**What the task asks**
Copy nothing but the lines below, from the one with "Recupera la fuerza" through the one with "记者在郑先生所说的地方看到一", exactly as written; no pictures should appear.

**Excerpted data**
————————

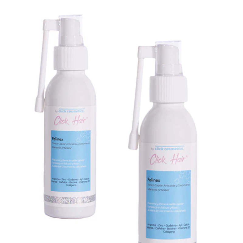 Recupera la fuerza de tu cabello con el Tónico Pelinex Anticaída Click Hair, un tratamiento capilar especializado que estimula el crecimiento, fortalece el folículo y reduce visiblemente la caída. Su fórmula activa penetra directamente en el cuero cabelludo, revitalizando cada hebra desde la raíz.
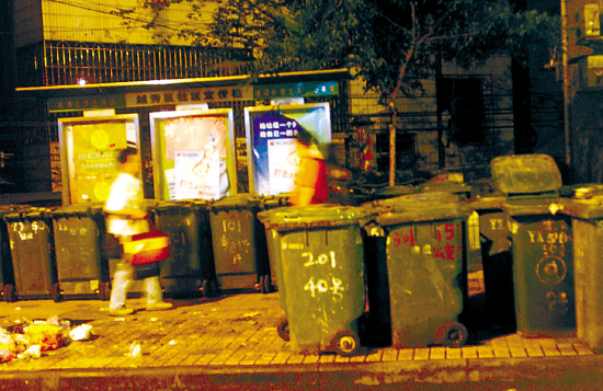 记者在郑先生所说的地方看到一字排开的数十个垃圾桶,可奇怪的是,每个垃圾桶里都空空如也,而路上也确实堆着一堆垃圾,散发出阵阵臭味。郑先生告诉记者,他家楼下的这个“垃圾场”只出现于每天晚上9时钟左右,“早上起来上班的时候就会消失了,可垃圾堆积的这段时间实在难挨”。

————————

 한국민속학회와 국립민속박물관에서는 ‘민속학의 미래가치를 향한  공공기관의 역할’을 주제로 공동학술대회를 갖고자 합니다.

————————

**Task answer**
 Recupera la fuerza de tu cabello con el Tónico Pelinex Anticaída Click Hair, un tratamiento capilar especializado que estimula el crecimiento, fortalece el folículo y reduce visiblemente la caída. Su fórmula activa penetra directamente en el cuero cabelludo, revitalizando cada hebra desde la raíz.
 记者在郑先生所说的地方看到一字排开的数十个垃圾桶,可奇怪的是,每个垃圾桶里都空空如也,而路上也确实堆着一堆垃圾,散发出阵阵臭味。郑先生告诉记者,他家楼下的这个“垃圾场”只出现于每天晚上9时钟左右,“早上起来上班的时候就会消失了,可垃圾堆积的这段时间实在难挨”。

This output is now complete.